The Relationship Between ADHD and Sleep

ADHD in children and adults is often characterized by inattentiveness, hyperactivity, and impulsivity. Interestingly, children with sleeping problems may not become drowsy and less attentive as is the case with adults. Sometimes, children have the opposite reaction and the overlap of symptoms between the ADHD and sleep insomnia may result in a misdiagnosis, i.e., the child with sleep insomnia may be diagnosed with ADHD.

The Four Patterns of Sleep Disturbances Related to ADHD:

1. Difficulty Falling Asleep
About three-fourths of all adults with ADHD report an inability to “shut off their minds”. Many who take stimulants, particularly too close to bedtime, have a higher prevalence of sleep problems, most notably insomnia.

2. Restless Sleep
Individuals with ADHD often toss and turn once they do fall asleep. Reasons for this may include:
a. Restless Legs Syndrome (RLS) - This irresistible urge to move limbs while at rest, has been shown to exist in about 25% of subjects with ADHD, compared to just 5% of controls. The number of disruptive movements at night are strongly associated with the degree of hyperactivity during the day.
b. Snoring, Sleep Apnea and Hyperactivity - Enlarged tonsils, obesity, allergies and other conditions can cause difficulty in breathing resulting in light snoring to sleep apnea. Children with sleep problems may not exhibit drowsiness, but rather bed-wetting, sweating, development delays and learning and behavior difficulties.

3. Difficulty Waking
Because of fitful sleep and waking up several times in the night, many find it difficult to awaken to the alarm clock. Often, family members must wake them and generally the person with ADHD does not feel “awake” until later in the day.

4. Intrusive Sleep
The ability to hyper-focus, or engage deeply in activities that one enjoys, enables the person with ADHD to remain awake. Once this person loses interest in a subject, their nervous system disengages, even to the point of falling asleep wherever they are. This can be life-threatening if the individual is driving a vehicle.

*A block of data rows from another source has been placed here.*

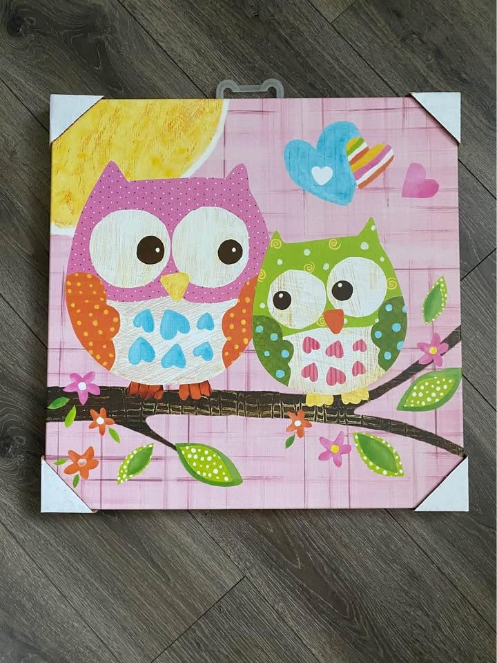 Brand new, in package owl canvas art. Dimensions - 21” x 21” Must pick up in Temescal Valley. Zelle, Venmo, or cash.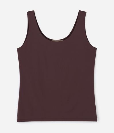 Ref: Blusa regata em poliamida com decote U, alças largas e sem estampa.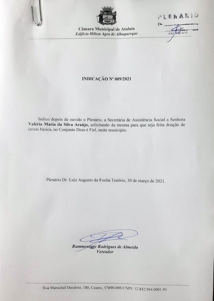Durante a sessão ordinária desta última terça-feira (30), o vereador Rudinho (PSC) solicitou da Secretaria Municipal de Assistência Social, que seja fornecida cestas básicas para as famílias residentes no Conjunto Deus É Fiel, uma das localidades mais carentes do município de Atalaia.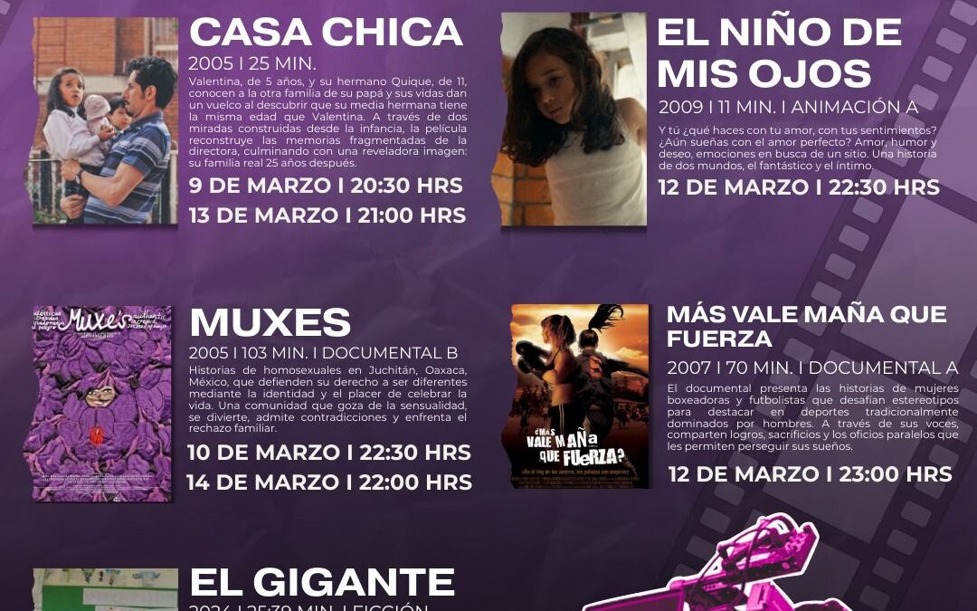 La programación inició este lunes con el cortometraje ‘Casa chica’ (2005), que narra desde la mirada infantil las complejidades de una familia marcada por el paso del tiempo. El ciclo continúa este 10 de marzo con el documental ‘Muxes’ (2005), que retrata la vida de la comunidad muxe en Juchitán Oaxaca, y su defensa del derecho a la identidad y la diversidad.

Does ADHD result in sleep disorders?

There is not a complete consensus, however, about three-fourths of all adults with ADHD report an inability to “shut off their minds,” which can lead to lack of sleep. For some, comorbid conditions, such as depression and anxiety, may be the reason for the sleeplessness. Some researchers believe that the signal that sets the internal circadian clock (the gradual changes in light caused by the sun's setting and rising) is weak in people with ADHD. As a result, their circadian clock is never truly set, and sleep drifts into to the 4 a.m.-to-noon pattern or disappears entirely, until the sufferer is exhausted.

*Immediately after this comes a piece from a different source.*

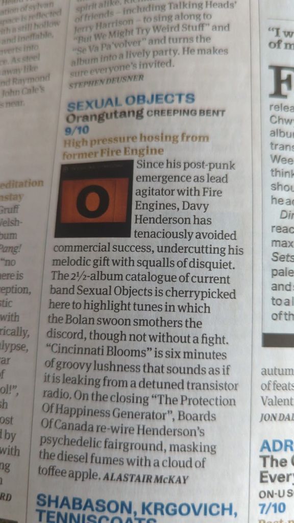 The reviews for the Sexual Objects album have been excellent (see the MOJO review above), here’s the latest review in Uncut:

Relaxation techniques and exercise help induce sleepiness, as does turning off electronics at least one hour before bedtime.  Creating a calming bedtime routine, such as listening to music or reading a book can help, as well. Avoidance of caffeine, alcohol and stimulant medication before bedtime is also recommended.

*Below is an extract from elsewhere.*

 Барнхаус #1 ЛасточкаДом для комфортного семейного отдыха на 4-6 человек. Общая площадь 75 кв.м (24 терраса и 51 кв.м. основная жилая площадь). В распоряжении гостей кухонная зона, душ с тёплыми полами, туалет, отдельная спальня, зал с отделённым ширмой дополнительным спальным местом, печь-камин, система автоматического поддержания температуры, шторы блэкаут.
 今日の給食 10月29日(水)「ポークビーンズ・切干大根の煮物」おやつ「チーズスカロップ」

The Importance of Treatment

Sleep problems are often not just “habits” for people with ADHD, so should be treated as symptoms.  Talk with your doctor about sleep issues to determine if you have sleep apnea or other issues that can be treated or whether ADHD medications (such as stimulants taken late in the day) might be adding to sleeplessness.  Sometimes, optimizing patient treatment in general can improve sleep, particularly if depression or anxiety is a factor.